Stored data entries

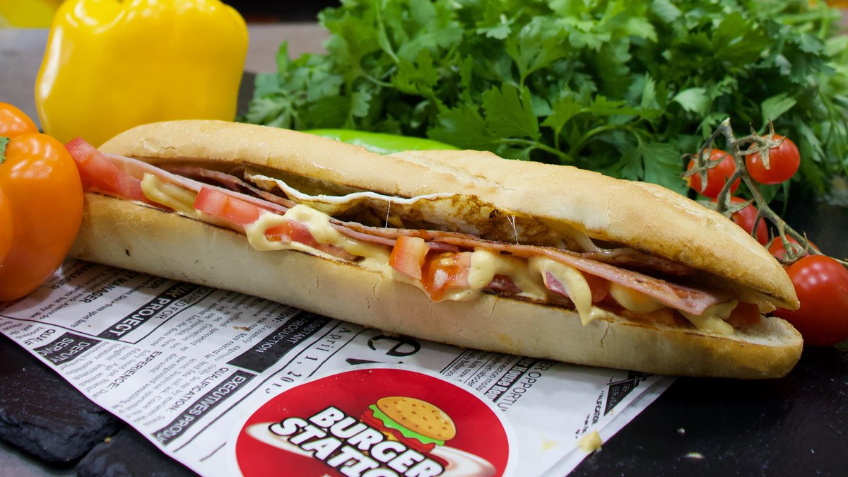 Beef patty 150 g, green salad, fresh tomato slice, Burger Station sauce, caramelized onion, cheese
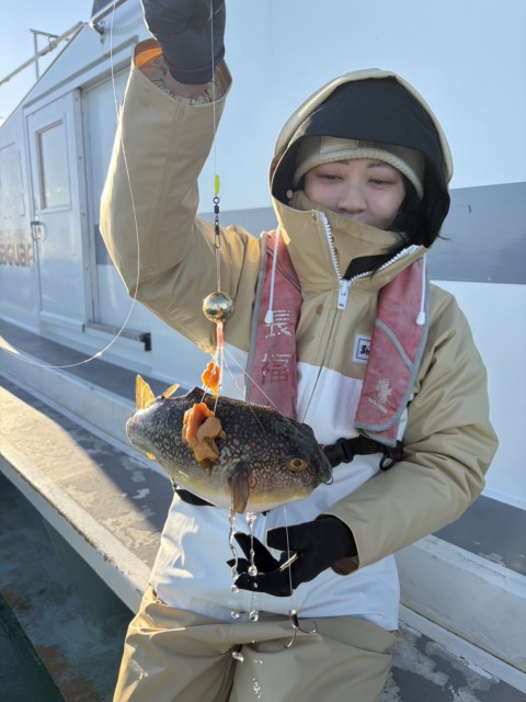 コモンフグ主体に前半は型があったが後半は当たりが減り数伸びず。水温15.2度。濁り。
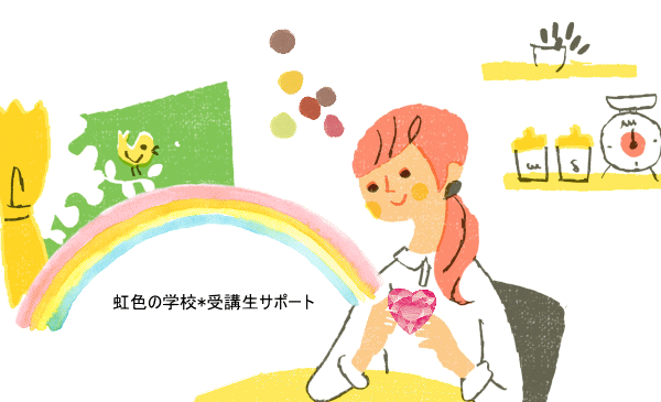虹色の学校の受講生さん全員が対象となります。授業でわかりにくかった点など、ご質問は期限なく無料です。下記の各種サポートはオンラインでご対応させていただいております。
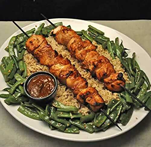 Grilled Chicken Satay with Peanut Sauce, Crisp Soy Sauce Green Beans and Sesame Brown Rice
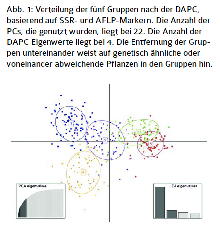 Die Verteilung der Pflanzen in Gruppen ist in Abbildung 1 dargestellt. Die Grafik in der linken unteren Ecke der Abbildung zeigt die Anzahl der PCs (Principal Components), die für die DAPC (Discriminant Analysis of Principal Components) genutzt wurden, und welchen Anteil der Gesamtvariation sie erklären. In der rechten unteren Ecke der Abbildung ist die Anzahl der Eigenwerte der DAPC dargestellt, die genutzt wurden. In der Mitte der Abbildung sind die einzelnen Pflanzen in Abhängigkeit ihrer Gruppenzugehörigkeit abgebildet. Dabei entspricht die Entfernung zwischen den Gruppen der genetischen Ähnlichkeit bzw. Abweichung der Gruppen untereinander. Insgesamt konnten 5 Gruppen gebildet werden.
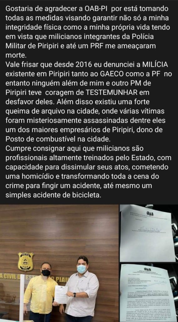 De acordo com o Presidente da CDPA, Marcus Nogueira, ao tomar conhecimento do ocorrido, a OAB Piauí entrou em contato com o Delegado Geral, Luccy Keiko, para pedir o reforço à segurança de Humberto Chaves. “O Advogado foi vítima de agressões físicas e verbais por parte de um Policial Rodoviário Federal e de um Policial Militar, e agora está sendo perseguido por conta de sua atuação profissional. Por isso, solicitamos este reforço ao Delegado, a fim de garantir a segurança do Advogado Humberto da Silva Chaves no município”, enfatizou o Presidente da CDPA.
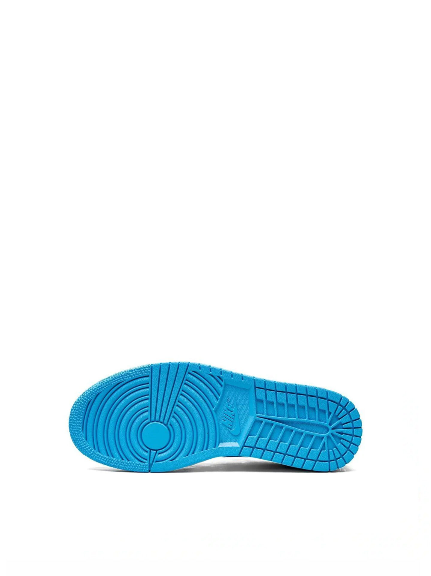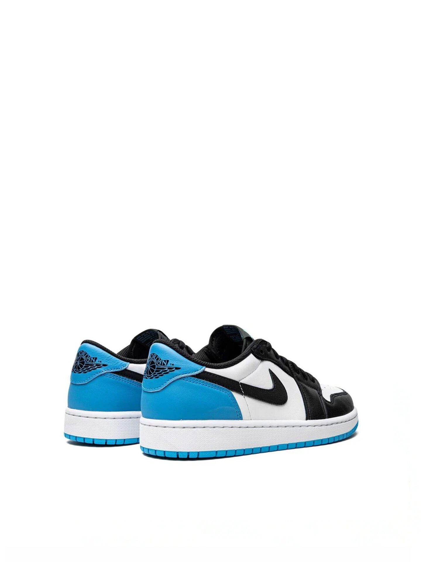 The Air Jordan 1 Retro OG Low UNC Powder Blue arrives with a white leather upper with contrasting black overlays and a University blue Swoosh. This sneaker comes in a combination of white, dark powder blue, and black hues.
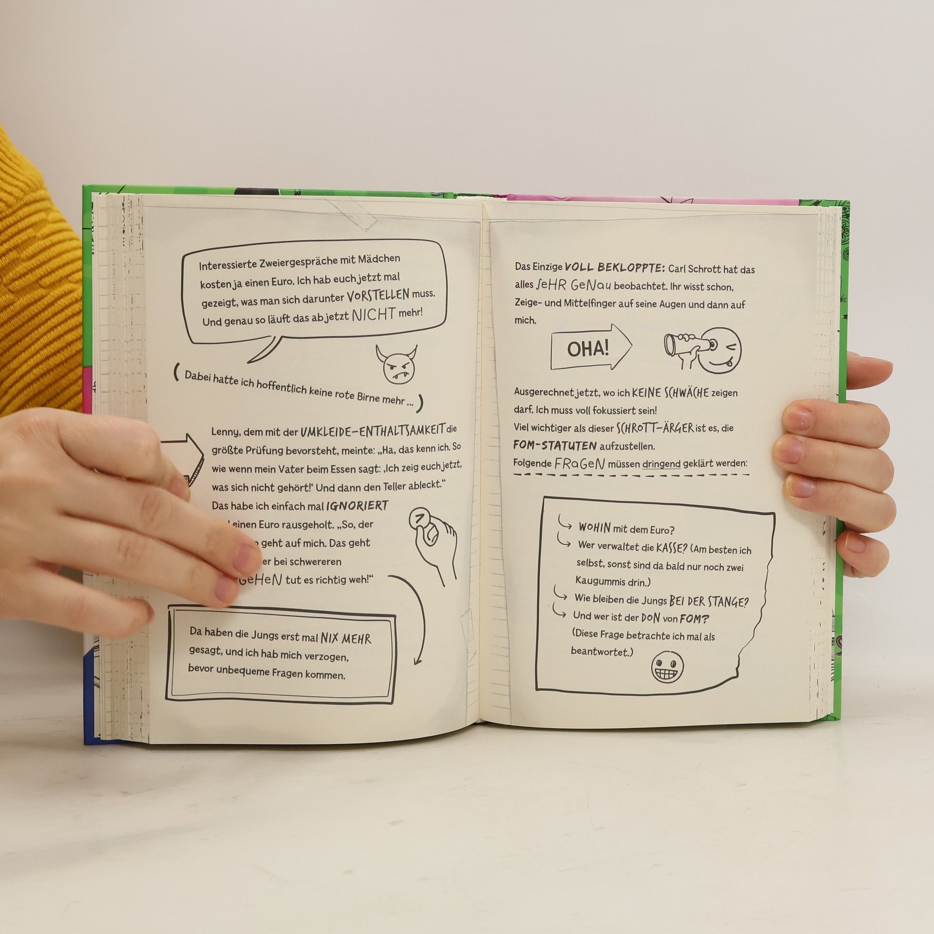 Sturmfrei mit Paul?! Karline ist nicht begeistert. Es bleibt ihr gar nichts anderes übrig, als sein Tagebuch zu lesen – als Selbstschutzmaßnahme! Karline hatte sich eigentlich auf ein eltern- und bruderfreies Wochenende gefreut und jetzt das: Paul wird auch im Haus sein! Zudem will er irgendeine oberpeinliche Zeremonie mit seinen FOM-Jüngern durchziehen. FOM bedeutet „Fun ohne Mädchen“! Na, diesen „Fun“ kann er sich abschminken, weil Karline ja immer noch heimlich sein Tagebuch liest und daher bestens im Bilde ist … Entdecke alle ungeheimen Tagebücher: Band 1: Wie mein bescheuerter Bruder Klassensprecher in meiner Klasse wurde … Band 2: Wie mein peinlicher Bruder sich auf meine Party eingeladen hat … Band 3: Wie mein nerviger Bruder mit auf meine Klassenfahrt kam … Band 4: Wie mein blöder Bruder die Hauptrolle in meinem Theaterstück spielte ... Band 5: Wie mein durchgeknallter Bruder meine Klassenlehrerin verschwinden ließ ...

» **Assigned task**:
What's needed here is an exact repeat of all the records above, pictures excluded.

» **Task response**:
 Beef patty 150 g, green salad, fresh tomato slice, Burger Station sauce, caramelized onion, cheese
 コモンフグ主体に前半は型があったが後半は当たりが減り数伸びず。水温15.2度。濁り。
虹色の学校の受講生さん全員が対象となります。授業でわかりにくかった点など、ご質問は期限なく無料です。下記の各種サポートはオンラインでご対応させていただいております。
 Grilled Chicken Satay with Peanut Sauce, Crisp Soy Sauce Green Beans and Sesame Brown Rice
 Die Verteilung der Pflanzen in Gruppen ist in Abbildung 1 dargestellt. Die Grafik in der linken unteren Ecke der Abbildung zeigt die Anzahl der PCs (Principal Components), die für die DAPC (Discriminant Analysis of Principal Components) genutzt wurden, und welchen Anteil der Gesamtvariation sie erklären. In der rechten unteren Ecke der Abbildung ist die Anzahl der Eigenwerte der DAPC dargestellt, die genutzt wurden. In der Mitte der Abbildung sind die einzelnen Pflanzen in Abhängigkeit ihrer Gruppenzugehörigkeit abgebildet. Dabei entspricht die Entfernung zwischen den Gruppen der genetischen Ähnlichkeit bzw. Abweichung der Gruppen untereinander. Insgesamt konnten 5 Gruppen gebildet werden.
 De acordo com o Presidente da CDPA, Marcus Nogueira, ao tomar conhecimento do ocorrido, a OAB Piauí entrou em contato com o Delegado Geral, Luccy Keiko, para pedir o reforço à segurança de Humberto Chaves. “O Advogado foi vítima de agressões físicas e verbais por parte de um Policial Rodoviário Federal e de um Policial Militar, e agora está sendo perseguido por conta de sua atuação profissional. Por isso, solicitamos este reforço ao Delegado, a fim de garantir a segurança do Advogado Humberto da Silva Chaves no município”, enfatizou o Presidente da CDPA.
 The Air Jordan 1 Retro OG Low UNC Powder Blue arrives with a white leather upper with contrasting black overlays and a University blue Swoosh. This sneaker comes in a combination of white, dark powder blue, and black hues.
 Sturmfrei mit Paul?! Karline ist nicht begeistert. Es bleibt ihr gar nichts anderes übrig, als sein Tagebuch zu lesen – als Selbstschutzmaßnahme! Karline hatte sich eigentlich auf ein eltern- und bruderfreies Wochenende gefreut und jetzt das: Paul wird auch im Haus sein! Zudem will er irgendeine oberpeinliche Zeremonie mit seinen FOM-Jüngern durchziehen. FOM bedeutet „Fun ohne Mädchen“! Na, diesen „Fun“ kann er sich abschminken, weil Karline ja immer noch heimlich sein Tagebuch liest und daher bestens im Bilde ist … Entdecke alle ungeheimen Tagebücher: Band 1: Wie mein bescheuerter Bruder Klassensprecher in meiner Klasse wurde … Band 2: Wie mein peinlicher Bruder sich auf meine Party eingeladen hat … Band 3: Wie mein nerviger Bruder mit auf meine Klassenfahrt kam … Band 4: Wie mein blöder Bruder die Hauptrolle in meinem Theaterstück spielte ... Band 5: Wie mein durchgeknallter Bruder meine Klassenlehrerin verschwinden ließ ...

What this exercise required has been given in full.